Performance

Performance is a significant architectural concern. We showed how to enable statistics in Hibernate and collect various metrics via JMX in Chapter 7, Metrics and Statistics, to help you identify bottlenecks. Throughout this book, we have identified ways of improving performance. Let's revisit some of these concepts here and discuss how they are effective.

Lazy loading

The decision to use lazy loading depends on specific situations. It is important to understand how lazy loading is accomplished. As we discussed, when you load an entity, Hibernate creates and returns a proxy object, which is uninitialized. (This doesn't occur when you use the get method.) Only when you access one of the attributes of the loaded entity does, Hibernate submit a database query to fetch the values. The same concept applies to associated entities. When you fetch the parent entities, the lazy-loaded associated entities are not fetched until they are accessed. This causes an extra trip to the database. This is an improvement in performance when dealing with one or a few entities, especially when you are not certain if you need the associated entities. But, in cases when several entities are fetched along with their associated entities, lazy loading can create a bottleneck.

It is important to keep in mind that different association types have different default fetch types. For example, the default fetch type for one-to-one and many-to-one is FetchType.EAGER, whereas the default fetch type for one-to-many and many-to-many is FetchType.LAZY.

Fetch mode

We already discussed fetch mode in Chapter 4, Advanced Fetching. As you recall, when you set Fetch Mode to JOIN, Hibernate ignores the fetch type and uses the eager strategy. However, if you fetch the root entity using HQL, it will not pay attention to the fetch mode on the association. In that case, you would have to explicitly change the HQL to fetch the associated entity eagerly, as shown here:

persons = session
    .createQuery("from Person p left join fetch p.children")
    .setResultTransformer(Criteria.DISTINCT_ROOT_ENTITY)
    .list();

Batch processing

Hibernate delays writing the data until the session is closed and the transaction is committed. If you are processing a large number of database writes, consider flushing (and clearing) the session occasionally. Hibernate is smart enough to use the JDBC batch. Besides taking advantage of JDBC batch processing, this also reduces the memory footprint of such sessions.
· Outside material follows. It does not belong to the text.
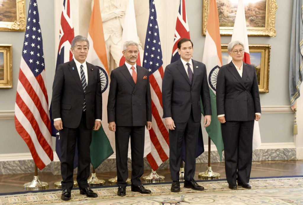 会合に臨む(左から)岩屋毅外相、インドのジャイシャンカル外相、米国のルビオ国務長官、オーストラリアのウォン外相=1月21日、ワシントン(代表撮影)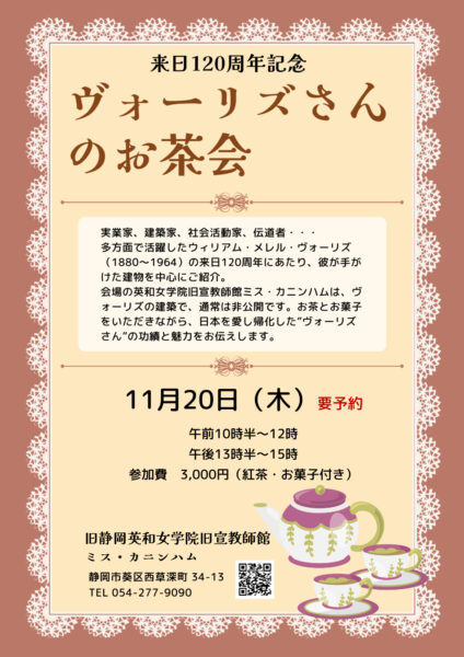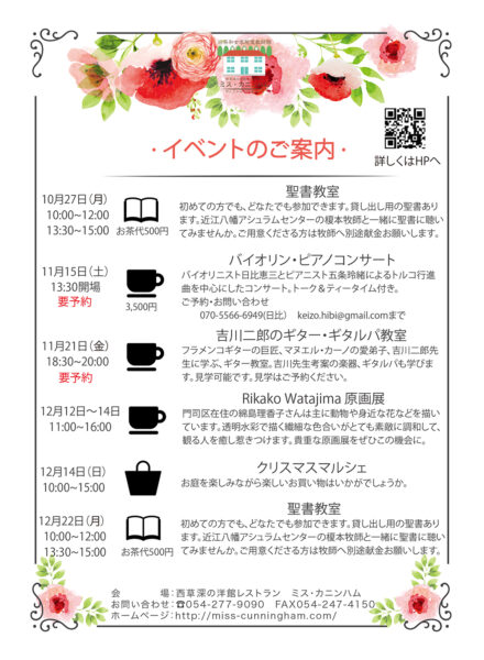 2025年10月〜12月イベントのお知らせ 2025.10.08 すっかり秋らしくなってまいりましたね。 宣教師館のお庭は虫たちの演奏会が繰り広げられています。 秋の風に吹かれながらお散歩。ぜひ、お立ち寄りください。 詳しくみる

We already discussed this in Chapter 1, Entity and Session.

Caching

We dedicated an entire chapter of this book to Hibernate caching. It is important to understand this mechanism very well, particularly second-level caching; it could work in your favor, or it could be the source of problem. One effective way to determine if database caching is the root cause of your problems is to turn off caching (a simple configuration change).

Stateless session

Consider using a stateless session, as it performs better in some cases. You can achieve even better throughput if you split up the work using multiple threads. But, you have to ensure that your database allows enough simultaneous connections and ensure that you have enough connections in your application connection pool. The following is an example of using a stateless Hibernate session in a multithreaded mechanism, using 4 threads to store 200,000 entities:

List<Thread> threads = new ArrayList<Thread>();
for (int i = 0; i < 4; i++) {
  Thread thread = new Thread() {
    @Override
    public void run() {
      try {
      StatelessSession session = HibernateUtil
      .getSessionFactory()
      .openStatelessSession();
      Transaction transaction = session.beginTransaction();
    
      for (int i = 0; i < 50000; i++) {
          Person person = randomPersonNoChild();
          session.insert(person);
      }
      
      transaction.commit();
      } catch (Exception e) {
        e.printStackTrace();
      }
    }
  };
  threads.add(thread);
}

for (int i =0; i < threads.size(); i++) {
  threads.get(i).start();
}

Note

Note that it is not recommended to spawn threads in a Java Enterprise Application. For that, you should consider using asynchronous beans. Most enterprise application servers support asynchronous beans.